What to Do This Month
- Review your new hire onboarding checklist and confirm security training is included in the first week
- Designate a specific security contact for new employees and communicate it explicitly during onboarding
- Audit what systems new hires can access on day one — is access appropriately scoped or overly broad?
- Run a tabletop exercise: what would a new employee actually do if they received an urgent wire request by email?
- Confirm that your onboarding security training is documented for compliance purposes
Qual IT Works With Salt Lake City Financial Advisors
We work with Salt Lake City financial advisors to meet SEC/FINRA requirements and protect client data. If you'd like to talk through how to structure your new hire security onboarding, schedule a free discovery call with Qual IT.

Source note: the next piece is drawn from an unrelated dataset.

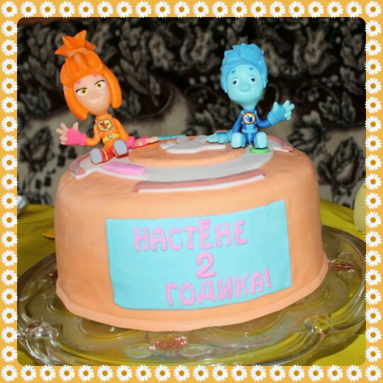 Торты детскиеДочка любит фиксиков, поэтому решила сделать торт с ними. Радужный бархатный бисквит с швейцарской меренгой. Уже потом подумала, что на надписи можно было сделать шляпки от винтиков, смотрелось бы лучше. Но, слишком поздно это сообразила. Фиксиков слепила сама из принцессы. Растащили по частям, хотя на мой взгляд, эта мастика не очень вкусная)).Торт съели весь за один присест, я даже удивилась))

Frequently Asked Questions
Are we required to provide cybersecurity training to new hires under SEC or FINRA rules?
FINRA's supervisory framework and the SEC's Reg S-P both require firms to have written policies and procedures that all personnel follow. Regulators interpret this to include training employees on those policies. A new hire who hasn't been trained on your information security procedures represents a supervision gap — particularly if they're involved in a phishing incident. Documenting your training program and delivery is part of your exam-ready compliance posture.
How long are new employees typically at elevated risk for phishing?
Research suggests the highest-risk window is the first 30 to 90 days of employment. During this period, employees are still learning firm norms, are frequently receiving legitimate setup and onboarding communications, and may be less confident about questioning unusual requests. Targeted training during onboarding — rather than waiting for the annual security training cycle — substantially reduces this risk.
What should we do if a new employee clicks a phishing link?
First, don't wait. Contact your IT provider immediately to assess what the employee accessed and whether credentials were compromised. Change passwords and review MFA enrollment for any accounts the employee can access. Evaluate whether any client data may have been exposed — if so, you have notification obligations under applicable state and federal rules. Document the incident and your response thoroughly for your compliance records.